Because they did not know if Shinko would collapse or burst into flames like so much of the area, the first job was to get all the patients out of the hospital.


About 150 patients were well enough to make it out of the building on their own. Another 100 considered too ill to walk were moved in their hospital beds, two nurses on either side, down as many as six flights of stairs.

"My hands became numb, I thought they would tear off," said Ms. Takezawa who, like most of the nurses, is a slight figure.

Within an hour, the hospital was empty. At the same time, though, there was pressure to reopen immediately.

New patients were coming to the hospital, many with broken bones, severe burns or bad bleeding. As many as 50 were dead on arrival, a stunning number for a hospital that rarely receives one fatality in a day.

Internal cracks and fissures inside the building looked menacing. The lack of electricity and water made matters worse, but the decision was made to reopen.

Similar decisions were being made throughout Kobe as roads and bridges, often with buckled or broken foundations, were allowed to carry traffic.


So they moved all the old patients back in and started taking in new ones from the catastrophe.

"No one," says Ms.

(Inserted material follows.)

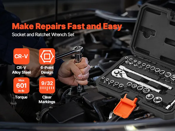 High Torque Design: Designed with a 6-point configuration, this socket and ratchet set evenly distributes pressure on fasteners to minimize wear. Its high-torque capability delivers up to 601 IN-LB, easily handling rusted or tightly secured bolts

Takezawa, "knows how many people came in those early hours."

Dr. Katsuma says a month's worth of work was done in one day, with more than 500 people treated and several hundred admitted.

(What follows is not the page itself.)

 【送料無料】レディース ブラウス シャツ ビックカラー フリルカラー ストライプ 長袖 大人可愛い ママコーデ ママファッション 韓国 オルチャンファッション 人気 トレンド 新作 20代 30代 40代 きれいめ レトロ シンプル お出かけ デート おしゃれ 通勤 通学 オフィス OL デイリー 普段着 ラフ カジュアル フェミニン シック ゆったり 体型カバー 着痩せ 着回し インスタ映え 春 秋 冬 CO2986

By late afternoon, Ms. Takezawa's only pause came when she drank some milk and ate some bread. Others in the hospital were maintaining a similar pace. In the evening she was able to rush back to her room and substitute work clothes for pajamas.

The initial chaos that came with the quake was replaced by late evening with a new fear: Dozens of fires had ignited throughout Kobe; from the upper windows of the hospital, they could be seen drawing close.

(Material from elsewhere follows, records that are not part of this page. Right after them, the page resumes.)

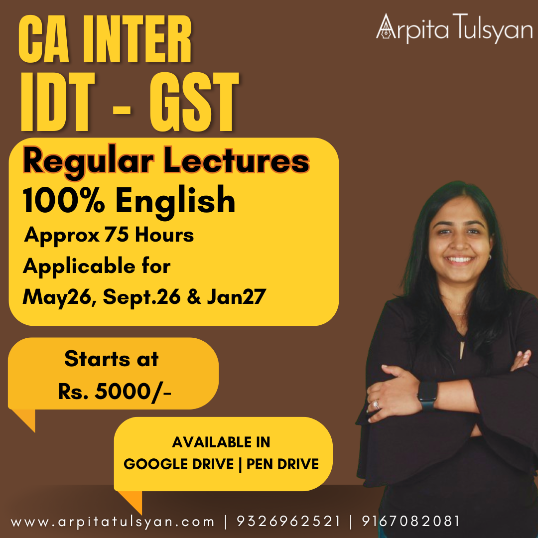 HomeBrandsArpita Tulsyan PRE-ORDER: CA Inter IDT(GST) Full Course Lectures – May 2026, September 2026 & Jan 2027 Exams – English
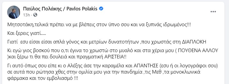 “Μητσοτάκη, τελικά πρέπει να με βλέπεις στον ύπνο σου και να ξυπνάς ιδρωμένος!!! Και ξέρεις γιατί….. Γιατί εσύ είσαι είσαι απλά γόνος και μετρίων δυνατοτήτων ,που χρωστάς στη ΔΙΑΠΛΟΚΗ. Κι εγώ γιος βοσκού που ό,τι έγινα το χρωστώ στο μυαλό και στα χέρια μου ( ΠΟΥΘΕΝΑ ΑΛΛΟΥ )και ξέρω τι θα πει δουλειά και πραγματική ΑΡΙΣΤΕΙΑ!! Γι αυτό όπως σου είπε κι ο Αλέξης άσε την καραμέλα και ΑΠΑΝΤΗΣΕ (εσύ ή οι λογογράφοι σου) σε αυτά που ρώτησα χθες στην ομιλία μου για την πανδημία ,τις ΜΕΘ ,τα μονοκλωνικά φάρμακα και τον εμβολιασμό !!!” έγραψε χαρακτηριστικά σε ανάρτησή του στο Facebook.
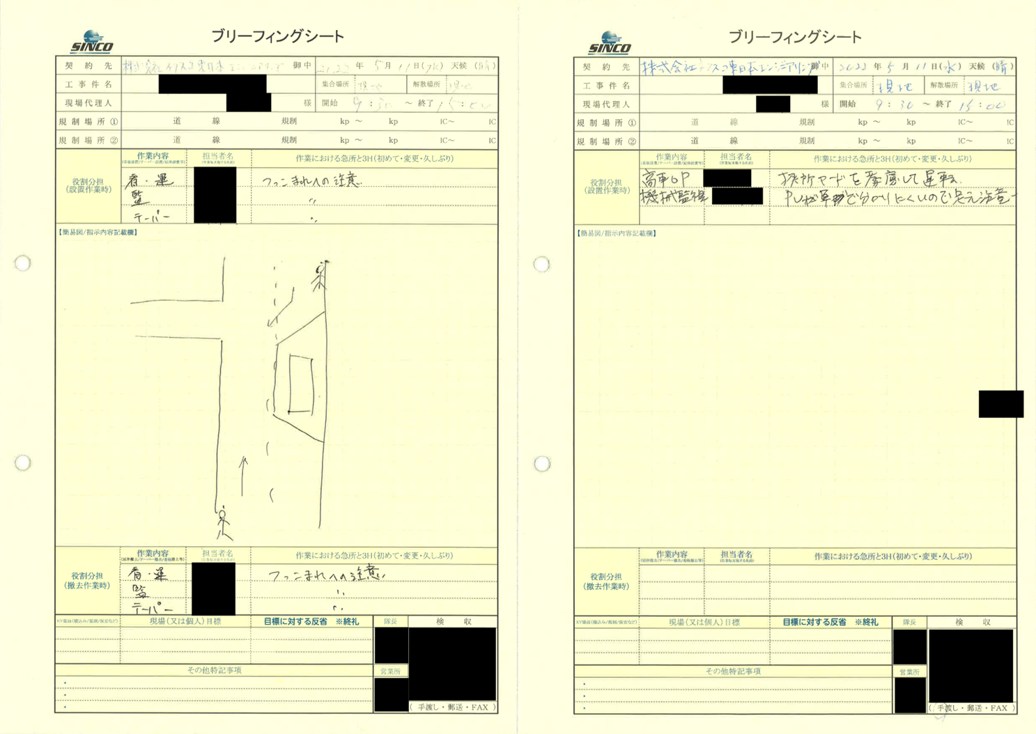 ネクスコ東日本エンジニアリング様の現場稼働が本格的にスタートした為、現場パトロールを実施 全体を通して経験豊富な隊長のもと安全に作業が進められていた。 社内で続いているバック事故について全員へ再度周知。 ・死角、認識スピード、過信、事故による影響、バック事故の割合について再確認 交通量が少ない場所での片交であるが各自が集中を切らさず安全な誘導が行えていた。 一般車への合図が明確に出来ていない為誘導方法を指導。 規制の切り替えもあったが、各自が声を掛け合事でうまく連携がとれていた。 矢印板など劣化した規制材が目立つので購入し見栄えを良くします。
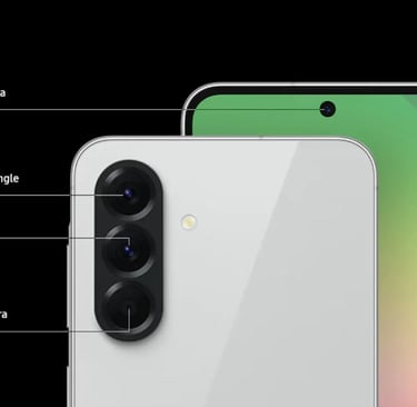 A Samsung manteve o design minimalista com as câmeras alinhadas verticalmente e um acabamento em vidro Gorilla Glass Victus+ na traseira, garantindo mais resistência a quedas e arranhões. Além disso, o frame metálico reforça a construção do aparelho, deixando-o mais premium dentro da categoria intermediária.
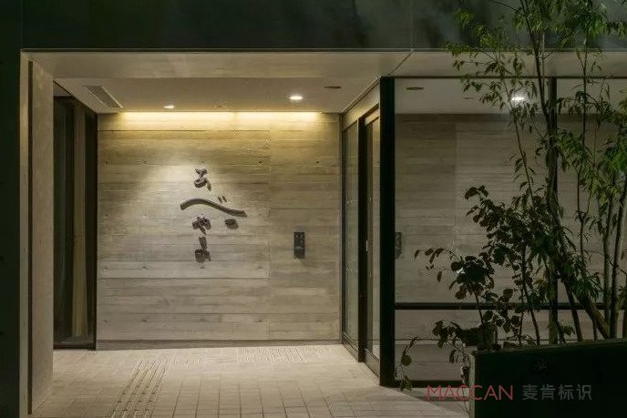 △養(yǎng)老院入口,以具有分量感的導(dǎo)視材質(zhì)凸顯空間的沉靜氛圍
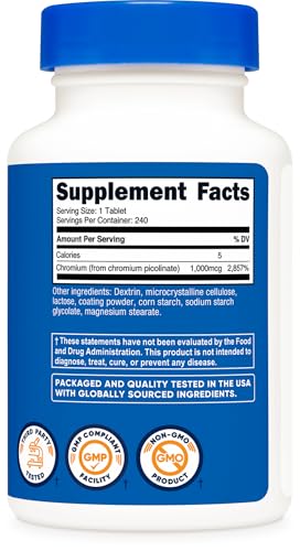 Nutricost Chromium 1000mcg, 240 Tablets – Gluten Free, Non-GMO
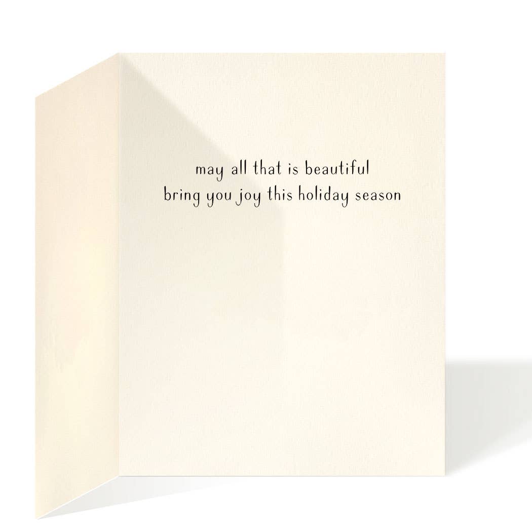 It's always a welcome sight to see black-capped chickadees. Here, our chirpy little friends send seasonal greetings. Printed on a beautiful stock, our Occasion Cards feature Felix's watercolor drawings and his handwritten font. The quality envelope is the finishing touch. Available in boxed sets of 8 cards as well under a separate listing. Seasons greetings and happy holidays from this pair of black-capped chickadees perched on a pine or evergreen branch. Perfect for Season’s Greetings, Holiday, or Christmas greeting cards. Front: season's greetings Inside: may whatever is beautiful, meaningful, and brings you happiness, be yours this holiday season 4.25 x 5.5 inches folded. Ultra-premium, lightly-textured acid-free paper stock. Packaged in a cello sleeve.
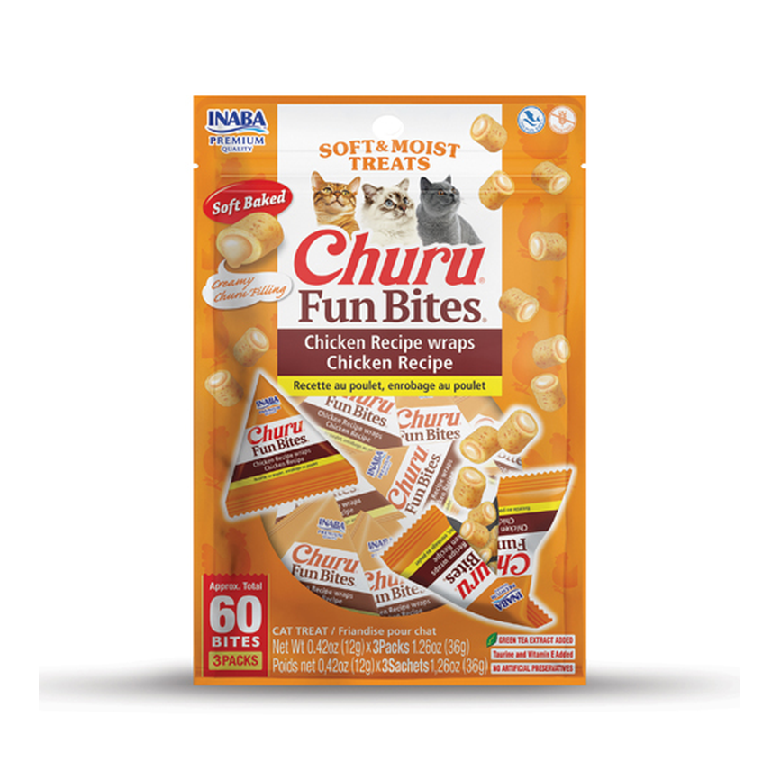 CIAO - GATO SNACKS - CHURU CAT FUN BITES Receta de Pollo 8x12g - 96GR
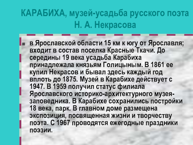 к югу от Ярославля; входит в состав поселка Красные Ткачи. До середины 19 века усадьба Карабиха принадлежала князьям Голицыным. В 1861 ее купил Некрасов и бывал здесь каждый год вплоть до 1875. Музей в Карабихе действует с 1947. В 1959 получил статус филиала Ярославского историко-архитектурного музея-заповедника. В Карабихе сохранились постройки 18 века, парк. В главном доме размещена экспозиция, посвященная жизни и творчеству поэта. С 1967 проводятся ежегодные праздники поэзии.
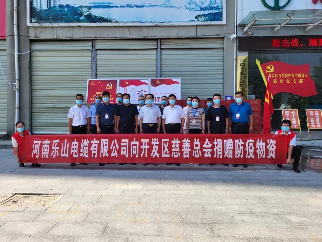为支持驻马店经济开发区疫情防控工作,共筑抗击疫情钢铁防线,河南乐山电缆有限公司党支部、工会积极响应,于2022年7月17日,董事长李全岭,党支部书记、工会主席李长生带领公司党员志愿者向经济开发区慈善总会捐赠一批抗疫物资,支援抗疫一线的工作人员,为坚决打赢疫情防控阻击战贡献力量。

"The patients were scared," Ms. Takezawa says. "There are many factories nearby, and if they ignited the consequences would be horrible."


It wasn't until yesterday morning that the worst of the blazes seemed under control, though significant fires continued throughout the day and the smell of ashes remained in the air.

Late Tuesday, the family of a longtime patient at Shinko dropped off a gift for the workers -- rice cakes and eggs. It was the first solid food of the day and the first hint of normality.

Ms. Takezawa wept.

Although the casualty figures for the quake continued to rise yesterday, the pace of new patients slowed. The number of patients dying in transit to the hospital dropped from 50 to 10 yesterday -- still distressingly large, yet seemingly better in the morbid mathematics of disaster.

The hospital seems to have become a beacon of safety even for those who have not been injured.

By late last night, a row of cars was parked on the street outside the front entrance. Blankets had been stretched across the car roofs and weighted down with slabs of broken concrete. Inside the cars, families slept, not stirring even as ambulances rushed by.


More than 140 nurses work at Shinko hospital. All remain on round-the-clock shifts. As a concession to the slowing patient load, and the reality that the hospital remains limited in what it can do, last night they began rotating breaks of three hours to provide some sleep.

Offsetting any sense of relaxation is a disconcerting message from some experts in Japan that another, equally large quake may hit within the next 10 days.

"If I could," said Ms. Takezawa, "I would like to run away. I don't want to go back to the wreckage of my room. I want to move to a flat place where I wouldn't be frightened to sleep."